Image courtesy of © Ron Chenoy-Imagn Images

With the Cubs on the outside looking in at another postseason, we “lovable loser” fans will just have to watch from the sidelines, hoping our enemies lose and our second-favorite teams win. One of the most interesting things to watch for in October are the inevitable upsets: Wild Card teams who beat out the juggernauts from the season. Since 2022, when the playoffs expanded to accommodate three Wild Card teams in each league, the two division winners with the best records receive byes, meaning they don’t play in the Wild Card round and have almost a full week to rest and set their rotation before the Division Series.

Since then, the playoff upsets have seemed to become the norm, with Wild Card entrants meeting each other in the World Series last year and multiple upsets each fall. In theory, the bye week is a reward and a built-in advantage for the top teams, but is it? Is there any correlation between these playoff upsets and the top teams getting such a long layoff? 

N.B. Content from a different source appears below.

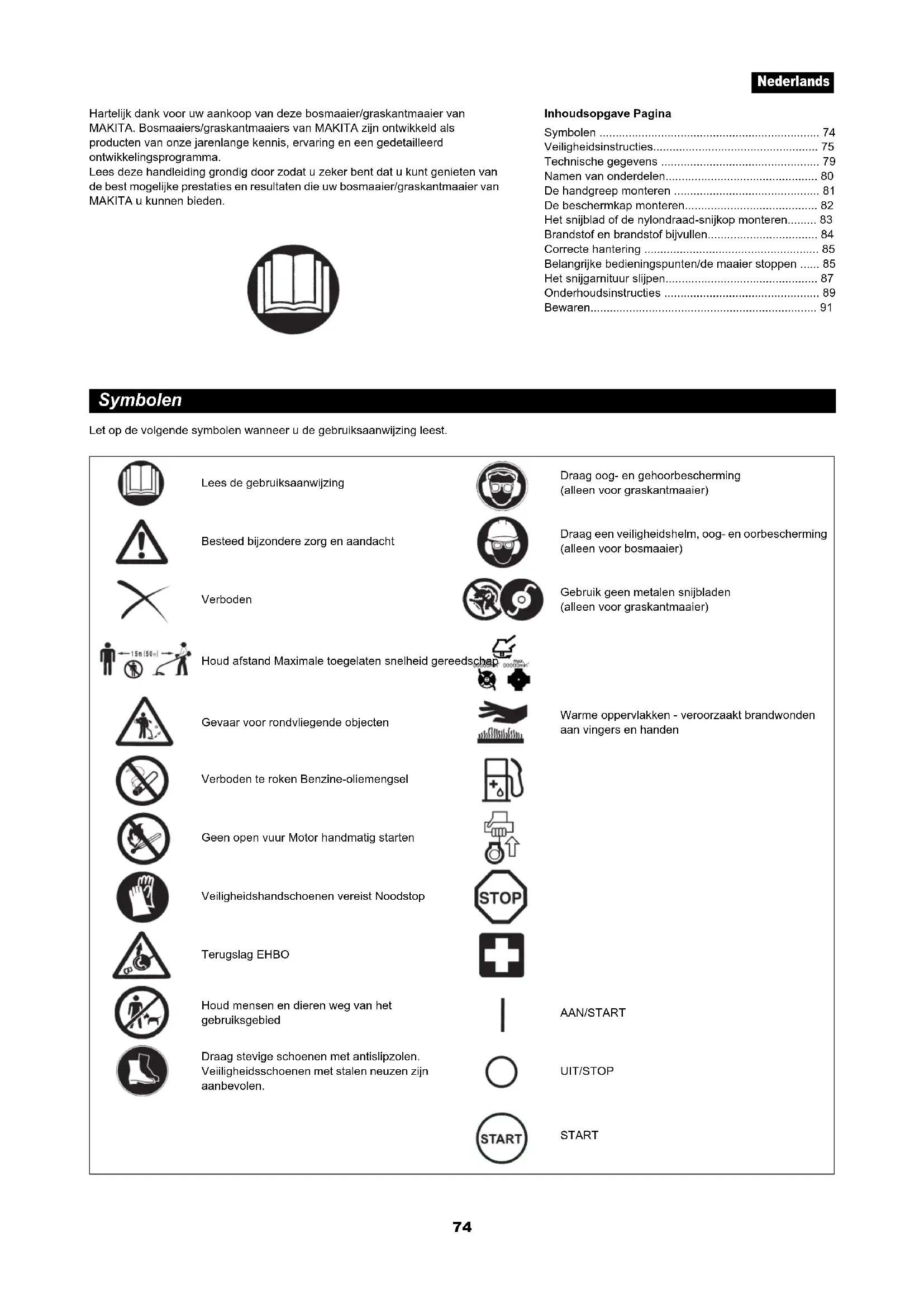 – Gebruik de bosmaaier/graskantmaaier met zo weinig mogelijk lawaai en vervuiling. Controleer vooral of de carburateur correct is afgesteld. – Maak de bosmaaier/graskantmaaier regelmatig schoon en controleer of alle schroeven en moeren stevig zijn vastgemaakt. – Onderhoud of bewaar de bosmaaier/graskantmaaier niet in de buurt van open vuur. – Bewaar de bosmaaier/graskantmaaier altijd in een afgesloten ruimte en met een leeggemaakte brandstoftank. – Wanneer u het gereedschap reinigt, onderhoudt of opbergt, bevestigt u altijd de beschermkap op het snijblad. Volg de relevante instructies voor het voorkomen van ongevallen die door de relevante beroepsverenigingen en verzekeringsmaatschappijen zijn uitgevaardigd. Breng geen wijzigingen aan de bosmaaier/graskantmaaier aan, omdat u op die manier uw veiligheid in gevaar brengt. Het uitvoeren van onderhoud of reparaties door de gebruiker is beperkt tot de activiteiten die in de gebruiksaanwijzing zijn beschreven. Alle andere werkzaamheden moet worden uitgevoerd door een erkend servicecentrum. Gebruik alleen originele reserveonderdelen en accessoires die zijn vervaardigd en geleverd door MAKITA. Als u niet-goedgekeurde accessoires en gereedschappen gebruikt, zal het risico op ongevallen toenemen. MAKITA aanvaardt geen enkele aansprakelijkheid voor ongevallen of schade, veroorzaakt door het gebruik van niet-goedgekeurde snijgarnituren, bevestigingsmiddelen voor snijgarnituren of accessoires. EHBO Zorg dat er altijd een EHBO-doos beschikbaar is in de buurt waar er wordt gemaaid om eerste hulp te bieden bij eventuele ongevallen. Vervang onmiddellijk elk item dat uit de EHBO-doos is genomen. Geef de volgende informatie wanneer u hulp inroept: – Plaats van het ongeval – Beschrijving van het ongeval – Aantal gewonden – Soort letsels – Uw naam Trillingen – Personen met een slechte bloedsomloop die worden blootgesteld aan sterke trillingen, kunnen verwondingen aan bloedvaten of het zenuwstelsel oplopen. Trillingen kunnen de volgende symptomen veroorzaken in de vingers, handen of polsen: “slapen” (ongevoeligheid), tintellingen, pijn, stekend gevoel, veranderen van huidskleur of van de huid. Als een van deze symptomen zich voordoet, raadpleegt u uw huisarts! – Om de kans op deze “witte-vingerziekte” te verkleinen, houdt u uw handen warm tijdens het werk en onderhoudt u het gereedschap en de accessoires goed. Alleen voor Europese landen EU-verklaring van conformiteit Wij, Makita Corporation, als de verantwoordelijke fabrikant, verklaren dat de volgende Makita-machine(s): Aanduiding van de machine: Bosmaaier/Graskantmaaier Modelnr./Type: EM2600U, EM2600L Technische gegevens: zie de tabel “TECHNISCHE GEGEVENS” in serie zijn geproduceerd en Voldoen aan de volgende Europese richtlijnen: 2000/14/EC en 2006/42/EC, 2004/108/EC En zijn gefabriceerd in overeenstemming met de volgende normen of genormaliseerd documenten: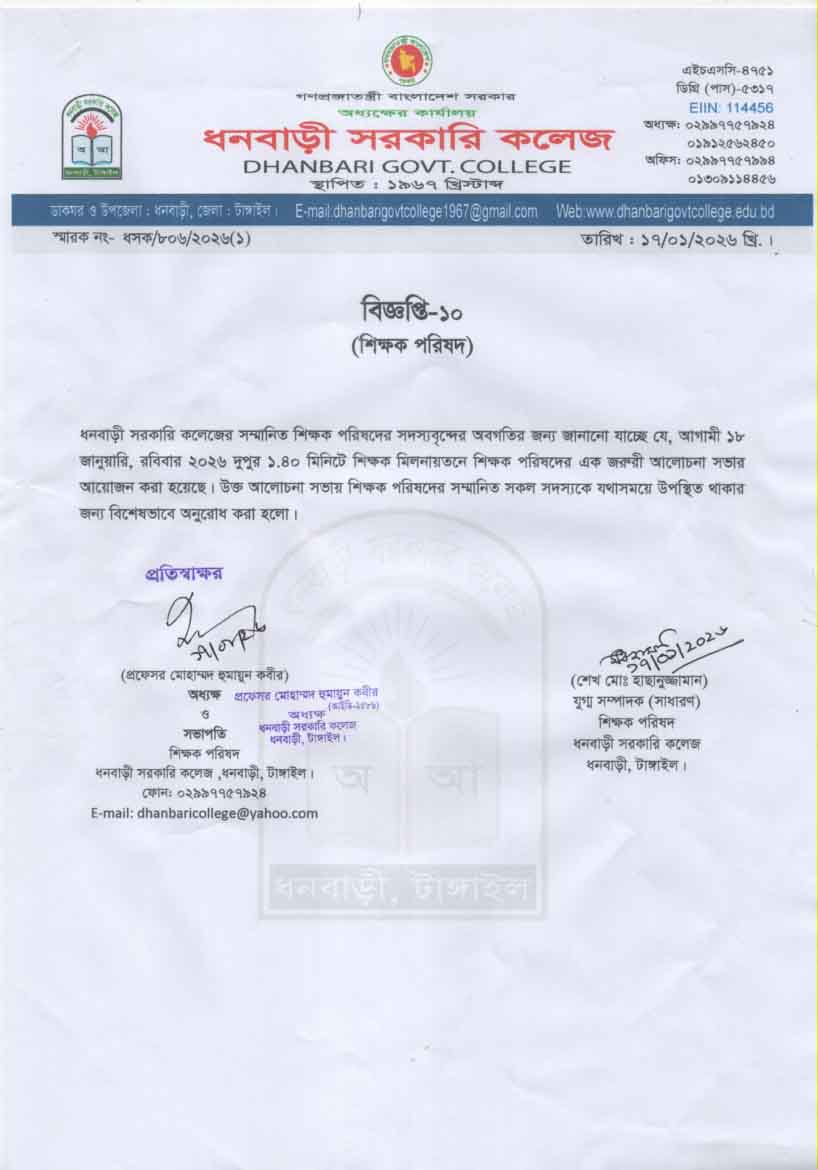 শিক্ষক পরিষদের জরুরী আলোচনা সভার বিজ্ঞপ্তি প্রসঙ্গে। |

Let’s look at the 2022 National League postseason. The Dodgers and the Braves, who were seeded 1 and 2, both lost handily in their first series against the two teams with the worst records in the playoffs: the Padres and the Phillies. The Dodgers, with an outstanding .685 record, lost in a massive upset, three games to one. The Dodgers seem to find themselves in this situation frequently: having an exceptional season record and being incapable of capitalizing on that when October comes. Could that be because of the bye? 

One season later, in 2023, The Dodgers had another incredible season, going 100-62 for a .617 record, but again, in round two of the playoffs, the Diamondbacks, with a record barely above .500, swept them. The Diamondbacks, with a .519 record, swept Mookie Betts and Freddie Freeman, with much of the series played in Dodger Stadium. Not only did the Diamondbacks make it to the World Series, but their opponent, the Rangers, were also a Wild Card, and they swept the Orioles, who had the second-best record in all of baseball. 

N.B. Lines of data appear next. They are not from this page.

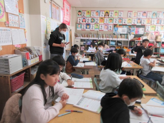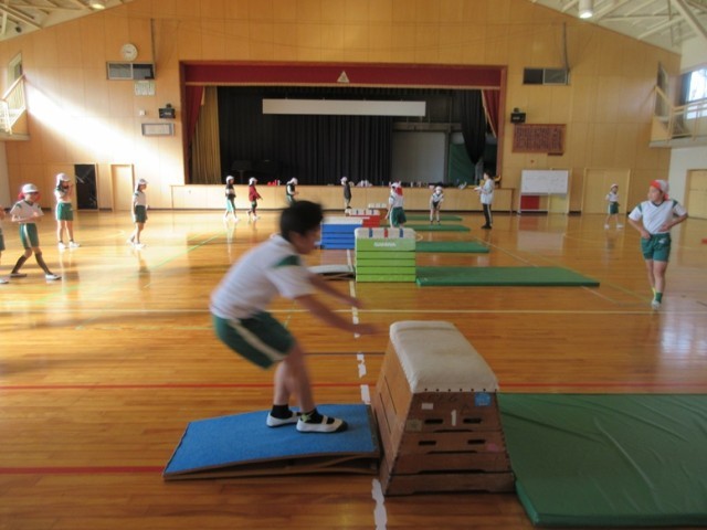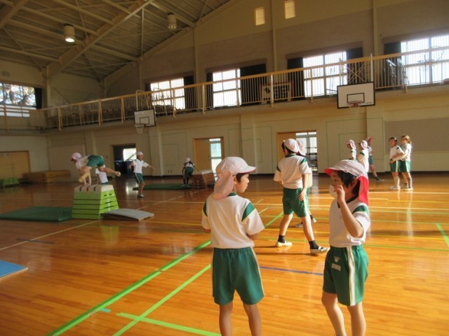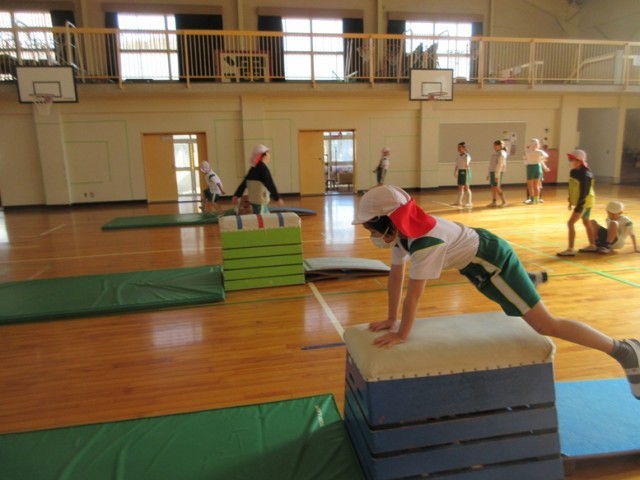 2組は、体育「跳び箱運動」です。開脚跳びや閉脚跳びにチャレンジしています。怖がらずに、手をつく位置や踏切の強さを意識して跳べたかな?
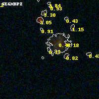 Object #3885 x,y = (6028, 2129) RA, Dec = (04:54:01.344, 02:54:0) = (73.50560, 2.90000) BPZ = 0.332 [0.094--3.571] type = 10.70 (SB11_A_0_l - SB3_B10) chisq2 = 0.50 ODDS = 0.26 z_cluster = 0.203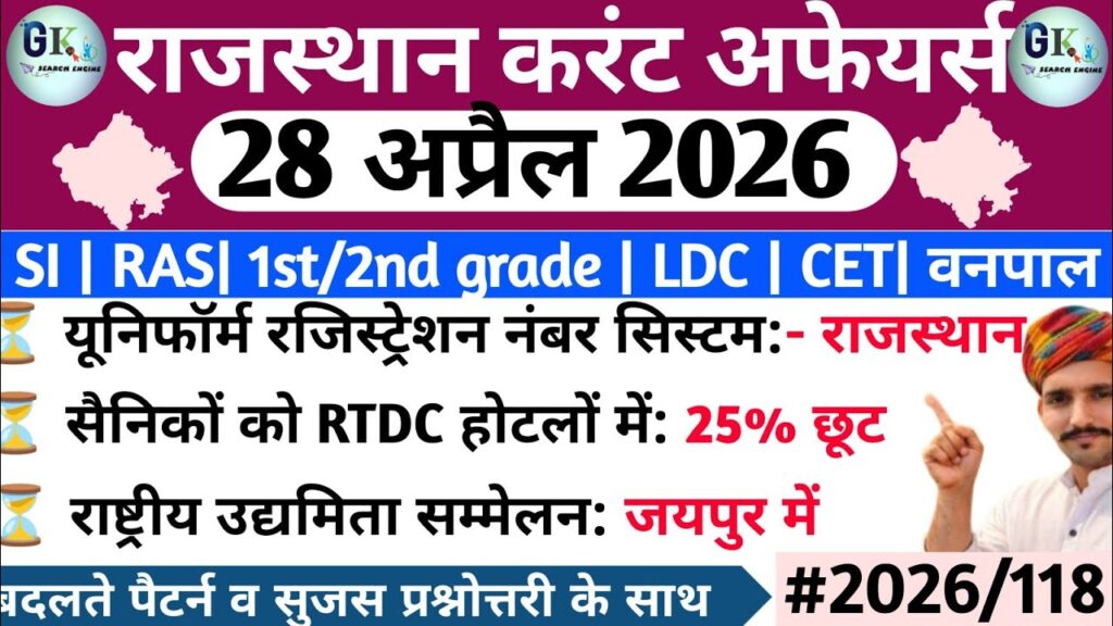 26 April Rajasthan Current Affairs 2026| RPSC, RSSB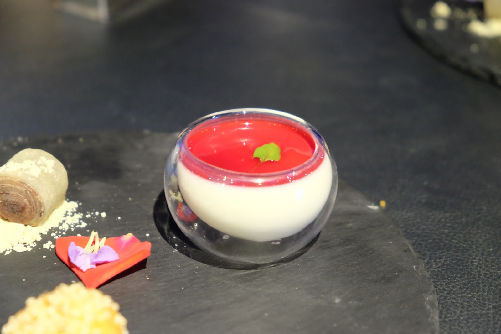 三式甜品是流沙金球、驢打滾、紅桑子奶凍。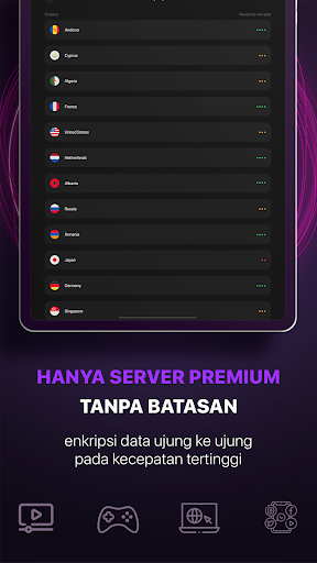 Tidak ada batas kecepatan atau lalu lintas: tonton, unduh, mainkan, kirim selama yang Anda suka dan lakukan dengan kecepatan tertinggi. Koleksi besar server di lokasi-lokasi terbaik memungkinkan Anda untuk mengakses sumber daya yang mungkin tidak tersedia di negara tertentu atau mempercepat koneksi Anda.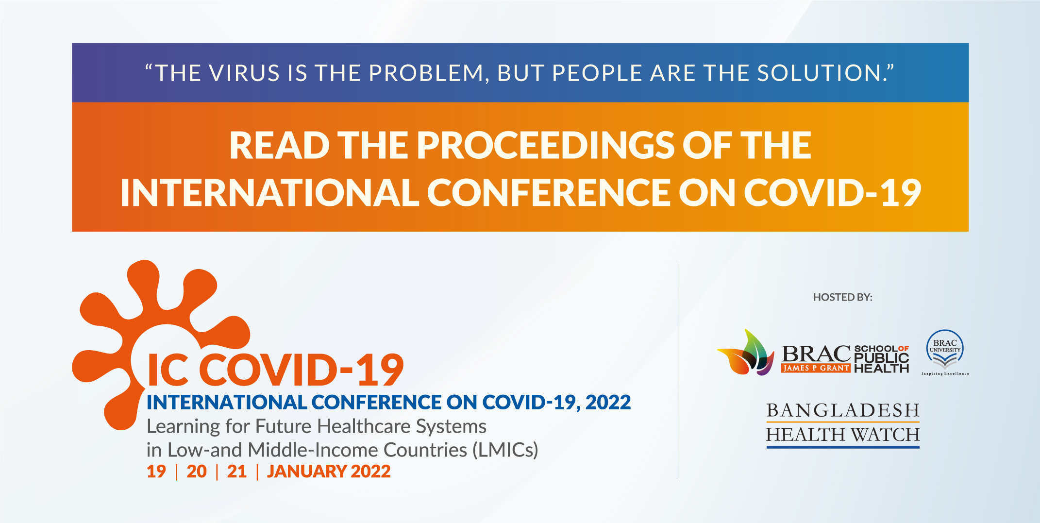 The COVID-19 catastrophe intersected across health, education, economy, social protection, gender, and governance. The patterns of transmission also threatened our sense of agency. In this situation, BRAC James P Grant School of Public Health (JPGSPH) and the Bangladesh Health Watch (BHW) are hosting an international virtual conference, to discuss, debate and document the experiences with COVID-19 pandemic including emerging variants such as the Delta variant across low-and middle-income countries (LMICs), with the core theme: Learning from the COVID-19 Pandemic for the Future Healthcare Systems in LMICs. The conference will cover: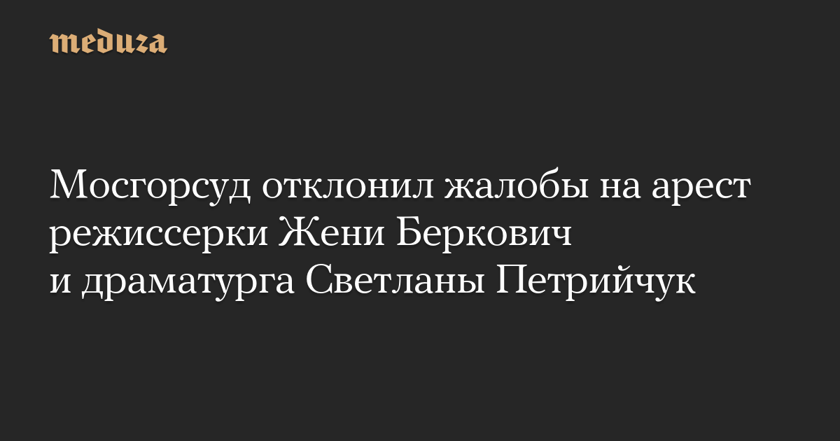 Мосгорсуд также отклонил жалобу на арест второй фигурантки дела, драматурга Светланы Петрийчук. 5 мая Замоскворецкий суд Москвы отправил их обеих в следственный изолятор. Ни Беркович, ни Петрийчук не признали себя виновными.

The Wild Card has always been a point of contention for many baseball purists, but having Wild Card teams, to me, doesn’t seem like the biggest cause of playoff upsets. If we look at 2016, the year the Cubs won the World Series, there were two Wild Card teams per league--although, unlike the current format, there was no way for two such teams to get through to the Division Series, The Cubs had the best season record by a mile, and their World Series opponent, the Cleveland Indians (now Guardians), had the third-best record in baseball.

At that time, the Wild Card teams played one game before round one, and no teams had bye weeks. With the old system, it seemed like the better teams made deeper runs, rather than underdogs who went on a streak right as the playoffs began. 

Now, the regular season seems to have no bearing on the outcomes of the playoffs, and it seems that the extra week of rest for the top teams has something to do with it. Maybe it’s that five or six days between games is too much to sustain a sound routine, in a very routine-oriented game, or maybe it's that Wild Card teams can build momentum in that first round that the juggernauts can’t.

There's also a logical argument to be made here. Hot streaks aren't necessarily predictive, but the current format means that we have no information about how the top teams in the league are playing when the Division Series begins. By contrast, and by definition, the teams they face are playing well, in that they just took a series from another playoff-qualifying club. One half of the Division Series matchup has been selected for current quality of play; the other might not have needed to win a game in a fortnight.

Whatever the reason, Cubs fans should watch out this postseason for Wild Card teams, because as we’ve seen in the last two seasons, they seem to be the toughest competition out there. Winning the division should always be the goal, but maybe the team doesn't need to worry about pursuing the bye and establishing home-field advantage in the playoffs as much as they would have under the old format.